+++ Data provided +++

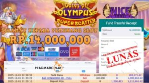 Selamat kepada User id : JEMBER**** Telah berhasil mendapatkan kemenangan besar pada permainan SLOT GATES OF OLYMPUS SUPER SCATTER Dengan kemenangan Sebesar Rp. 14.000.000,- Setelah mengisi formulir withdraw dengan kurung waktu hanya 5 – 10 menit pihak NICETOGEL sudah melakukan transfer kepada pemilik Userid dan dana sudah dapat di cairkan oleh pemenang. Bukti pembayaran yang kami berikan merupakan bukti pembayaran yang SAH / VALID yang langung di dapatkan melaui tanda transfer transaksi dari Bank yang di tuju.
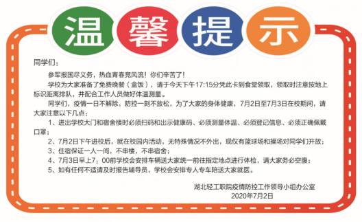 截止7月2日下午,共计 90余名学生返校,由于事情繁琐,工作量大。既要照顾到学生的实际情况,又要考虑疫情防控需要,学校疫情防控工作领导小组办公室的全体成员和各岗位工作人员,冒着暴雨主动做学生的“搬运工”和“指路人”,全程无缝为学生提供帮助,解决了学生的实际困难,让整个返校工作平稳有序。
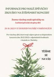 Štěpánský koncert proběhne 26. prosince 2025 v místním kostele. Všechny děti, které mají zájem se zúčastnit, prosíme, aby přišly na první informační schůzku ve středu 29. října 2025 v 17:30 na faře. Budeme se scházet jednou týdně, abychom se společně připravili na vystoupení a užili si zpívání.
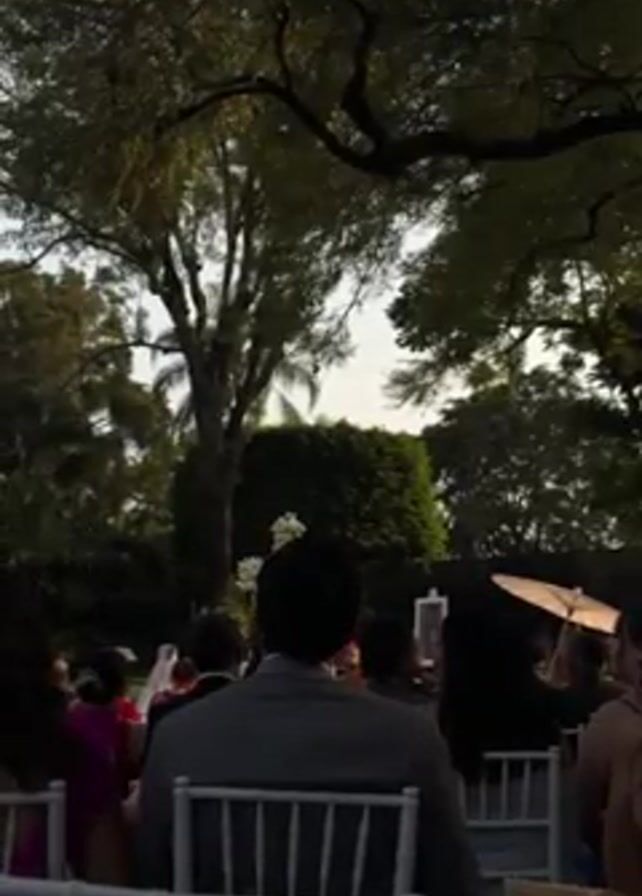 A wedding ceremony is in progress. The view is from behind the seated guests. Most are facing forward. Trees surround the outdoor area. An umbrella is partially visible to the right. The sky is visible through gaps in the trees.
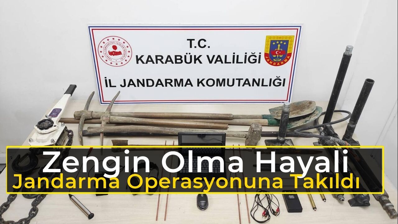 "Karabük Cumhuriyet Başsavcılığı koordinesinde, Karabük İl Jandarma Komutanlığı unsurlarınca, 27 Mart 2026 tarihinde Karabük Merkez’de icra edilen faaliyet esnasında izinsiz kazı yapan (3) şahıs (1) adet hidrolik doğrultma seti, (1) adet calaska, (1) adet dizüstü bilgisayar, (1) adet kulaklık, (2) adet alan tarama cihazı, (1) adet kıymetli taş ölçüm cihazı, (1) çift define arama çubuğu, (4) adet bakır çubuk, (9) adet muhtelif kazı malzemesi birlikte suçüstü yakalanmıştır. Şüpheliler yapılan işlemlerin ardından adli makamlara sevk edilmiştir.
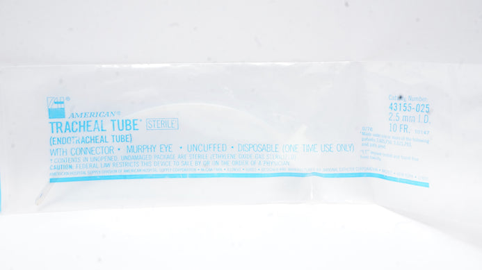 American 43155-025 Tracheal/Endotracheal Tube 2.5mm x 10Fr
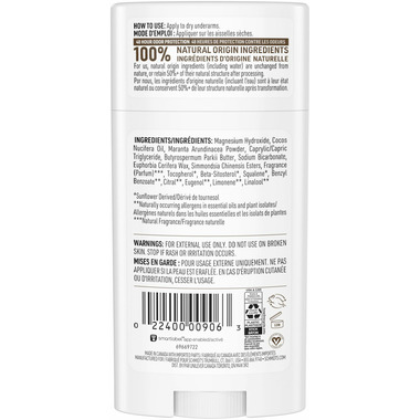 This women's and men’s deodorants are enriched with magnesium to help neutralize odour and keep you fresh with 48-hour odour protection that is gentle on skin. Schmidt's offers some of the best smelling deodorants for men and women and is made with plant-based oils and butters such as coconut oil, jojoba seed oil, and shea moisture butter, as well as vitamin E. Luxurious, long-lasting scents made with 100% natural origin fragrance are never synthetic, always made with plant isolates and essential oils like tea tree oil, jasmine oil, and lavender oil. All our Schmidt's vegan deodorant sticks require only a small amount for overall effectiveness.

+++
+++ Data provided +++

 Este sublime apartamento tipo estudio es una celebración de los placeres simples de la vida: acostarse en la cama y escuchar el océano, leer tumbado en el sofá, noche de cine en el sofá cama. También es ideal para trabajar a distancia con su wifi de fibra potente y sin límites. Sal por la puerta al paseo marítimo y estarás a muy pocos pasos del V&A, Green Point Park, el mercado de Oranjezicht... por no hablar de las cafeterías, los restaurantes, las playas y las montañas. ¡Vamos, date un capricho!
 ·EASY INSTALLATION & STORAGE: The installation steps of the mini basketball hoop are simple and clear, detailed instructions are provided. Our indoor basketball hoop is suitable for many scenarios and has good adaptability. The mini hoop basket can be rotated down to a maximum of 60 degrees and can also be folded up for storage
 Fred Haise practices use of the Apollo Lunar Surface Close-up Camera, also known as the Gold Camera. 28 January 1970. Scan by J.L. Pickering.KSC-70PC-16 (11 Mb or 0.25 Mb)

+++
+++ Data provided +++

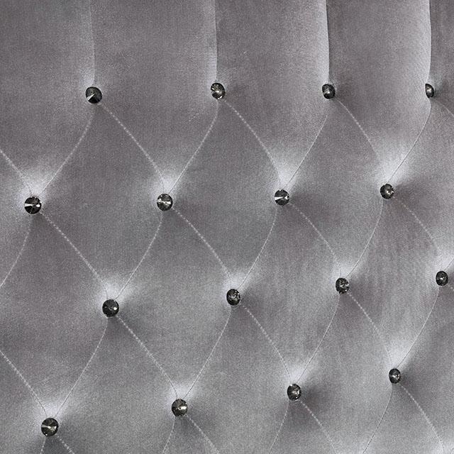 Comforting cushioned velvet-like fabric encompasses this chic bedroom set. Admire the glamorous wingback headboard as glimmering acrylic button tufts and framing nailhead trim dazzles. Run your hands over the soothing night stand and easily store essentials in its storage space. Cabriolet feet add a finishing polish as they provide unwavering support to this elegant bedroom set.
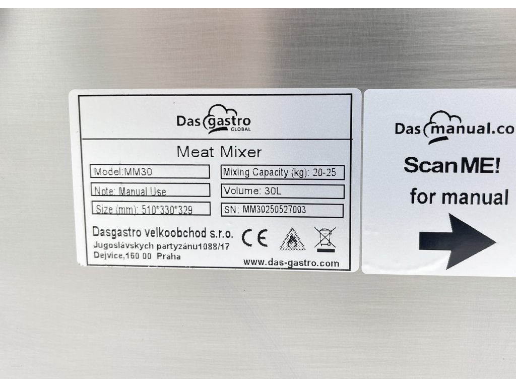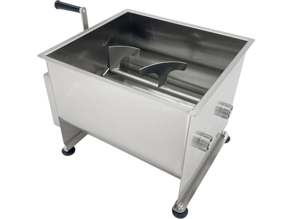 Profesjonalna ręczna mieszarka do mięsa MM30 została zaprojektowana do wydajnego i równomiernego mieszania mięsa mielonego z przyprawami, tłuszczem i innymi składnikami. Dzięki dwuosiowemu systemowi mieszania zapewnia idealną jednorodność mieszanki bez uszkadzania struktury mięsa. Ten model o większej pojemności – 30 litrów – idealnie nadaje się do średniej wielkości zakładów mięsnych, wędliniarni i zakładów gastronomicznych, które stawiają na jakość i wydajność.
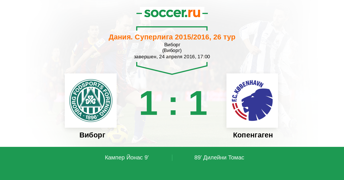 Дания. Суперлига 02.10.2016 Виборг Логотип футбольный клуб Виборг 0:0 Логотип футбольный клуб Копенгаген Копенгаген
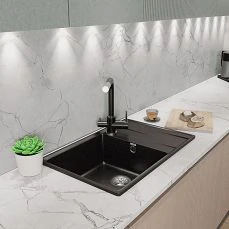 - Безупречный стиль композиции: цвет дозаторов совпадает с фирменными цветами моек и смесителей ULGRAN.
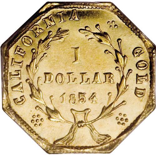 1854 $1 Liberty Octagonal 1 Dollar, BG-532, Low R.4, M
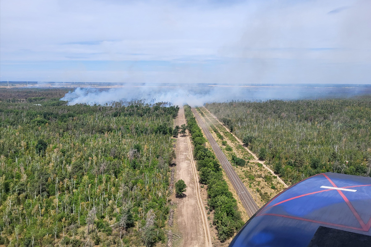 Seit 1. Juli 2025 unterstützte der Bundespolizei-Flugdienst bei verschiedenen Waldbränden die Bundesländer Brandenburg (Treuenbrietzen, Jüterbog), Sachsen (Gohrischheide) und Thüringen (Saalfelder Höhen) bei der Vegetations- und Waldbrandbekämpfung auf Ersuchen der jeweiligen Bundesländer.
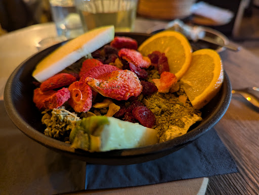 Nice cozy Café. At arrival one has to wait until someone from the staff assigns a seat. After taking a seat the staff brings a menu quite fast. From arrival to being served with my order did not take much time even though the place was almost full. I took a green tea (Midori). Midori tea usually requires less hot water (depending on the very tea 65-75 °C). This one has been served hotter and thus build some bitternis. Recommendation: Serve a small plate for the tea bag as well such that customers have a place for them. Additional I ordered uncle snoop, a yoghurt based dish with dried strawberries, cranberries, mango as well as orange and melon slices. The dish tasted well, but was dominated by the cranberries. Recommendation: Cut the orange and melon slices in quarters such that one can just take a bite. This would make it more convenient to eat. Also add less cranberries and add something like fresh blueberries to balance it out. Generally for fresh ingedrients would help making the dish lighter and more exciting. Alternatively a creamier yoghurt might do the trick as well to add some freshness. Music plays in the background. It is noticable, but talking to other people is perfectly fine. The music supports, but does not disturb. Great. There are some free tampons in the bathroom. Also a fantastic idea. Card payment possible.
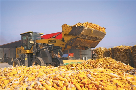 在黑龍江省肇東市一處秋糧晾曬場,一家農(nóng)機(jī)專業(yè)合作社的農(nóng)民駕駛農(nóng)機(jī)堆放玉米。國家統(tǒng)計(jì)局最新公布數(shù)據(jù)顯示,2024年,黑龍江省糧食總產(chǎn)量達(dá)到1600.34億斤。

+++

Only one part of the material above is wanted: the lines from the one with "A wedding ceremony" up to and including the one with "American 43155-025 Tracheal/Endotracheal". Please copy them exactly, pictures left out.

# Solution below
 A wedding ceremony is in progress. The view is from behind the seated guests. Most are facing forward. Trees surround the outdoor area. An umbrella is partially visible to the right. The sky is visible through gaps in the trees.
 "Karabük Cumhuriyet Başsavcılığı koordinesinde, Karabük İl Jandarma Komutanlığı unsurlarınca, 27 Mart 2026 tarihinde Karabük Merkez’de icra edilen faaliyet esnasında izinsiz kazı yapan (3) şahıs (1) adet hidrolik doğrultma seti, (1) adet calaska, (1) adet dizüstü bilgisayar, (1) adet kulaklık, (2) adet alan tarama cihazı, (1) adet kıymetli taş ölçüm cihazı, (1) çift define arama çubuğu, (4) adet bakır çubuk, (9) adet muhtelif kazı malzemesi birlikte suçüstü yakalanmıştır. Şüpheliler yapılan işlemlerin ardından adli makamlara sevk edilmiştir.
 American 43155-025 Tracheal/Endotracheal Tube 2.5mm x 10Fr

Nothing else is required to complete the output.